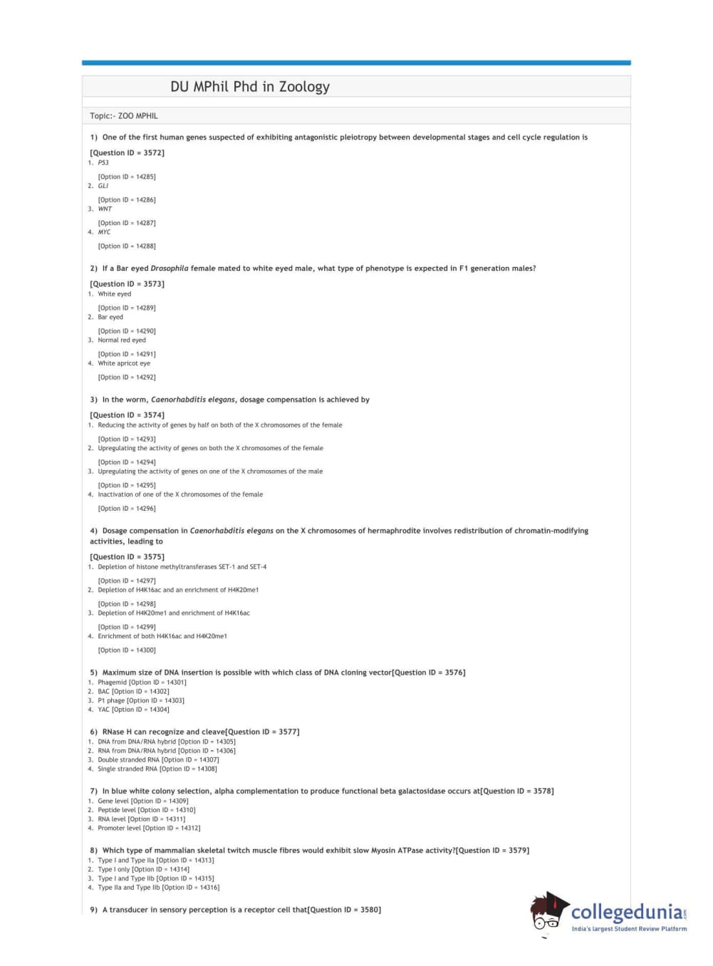 DUET 2021 DU MPhil Phd in Zoology Question Paper with Answer Key PDFs Shift 2
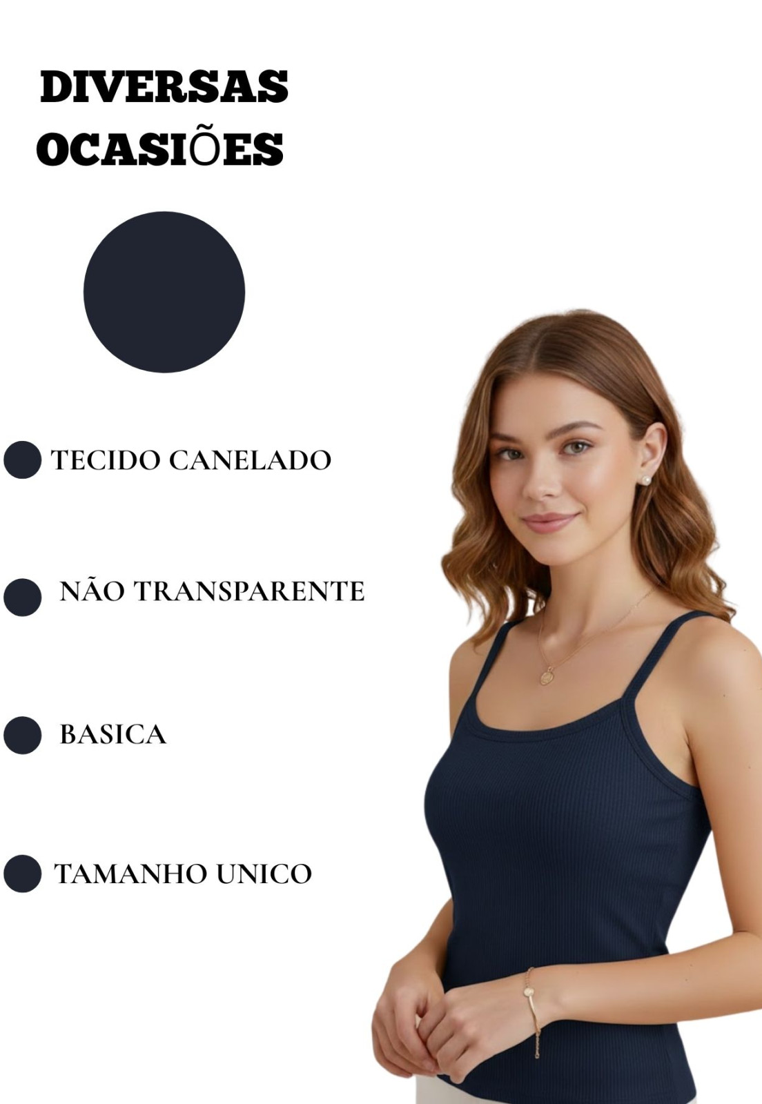 - Design Minimalista e Elegante: Suas alças finas e o decote redondo clássico conferem um visual clean e versátil, tornando-a a tela perfeita para seus acessórios e sobreposições. Uma peça curinga que transcende tendências.
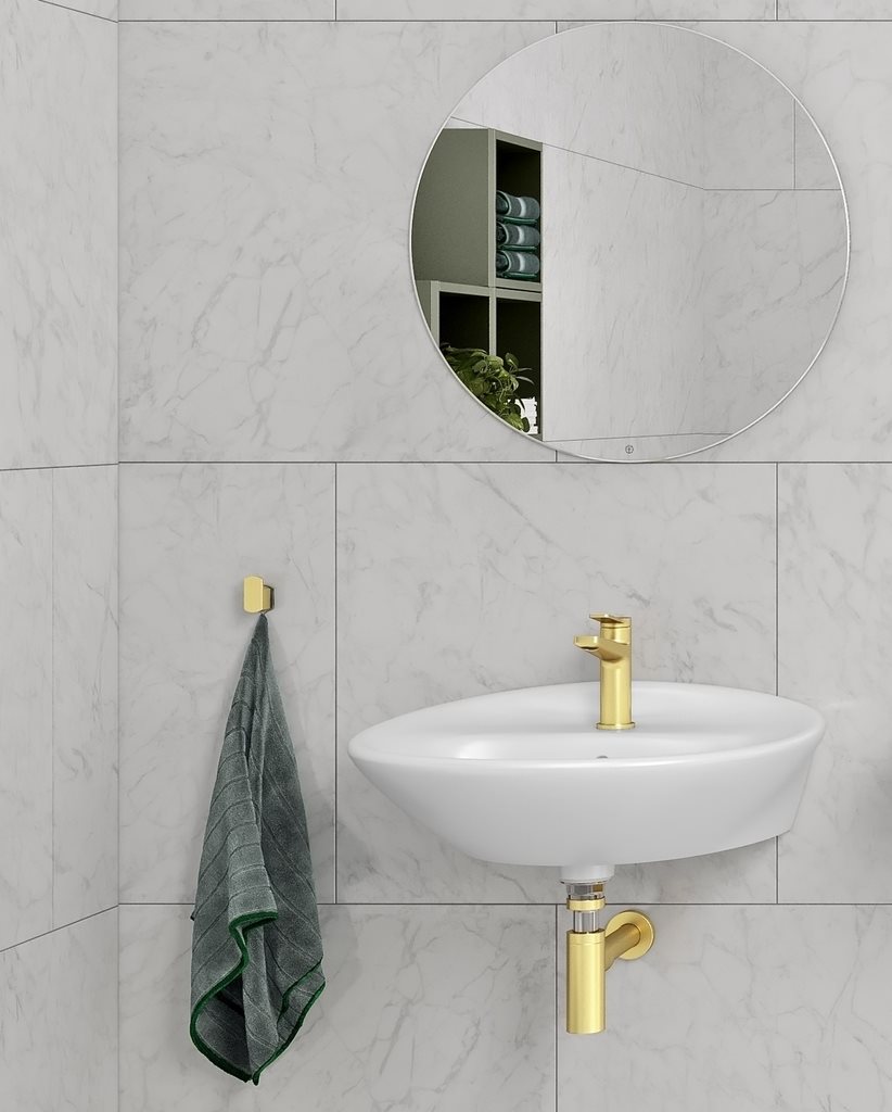 Gustavsberg rundt spejl Ø60 cm inkl. ophæng. Spejlet er nemt at montere på væggen, da der er justeringsmuligheder.

================================

• _WHAT THE EXERCISE ASKS_
Once the pictures are set aside, the remaining data must be transcribed exactly.

• _RESULT FOR THIS EXERCISE_
 DUET 2021 DU MPhil Phd in Zoology Question Paper with Answer Key PDFs Shift 2
 - Design Minimalista e Elegante: Suas alças finas e o decote redondo clássico conferem um visual clean e versátil, tornando-a a tela perfeita para seus acessórios e sobreposições. Uma peça curinga que transcende tendências.
 Gustavsberg rundt spejl Ø60 cm inkl. ophæng. Spejlet er nemt at montere på væggen, da der er justeringsmuligheder.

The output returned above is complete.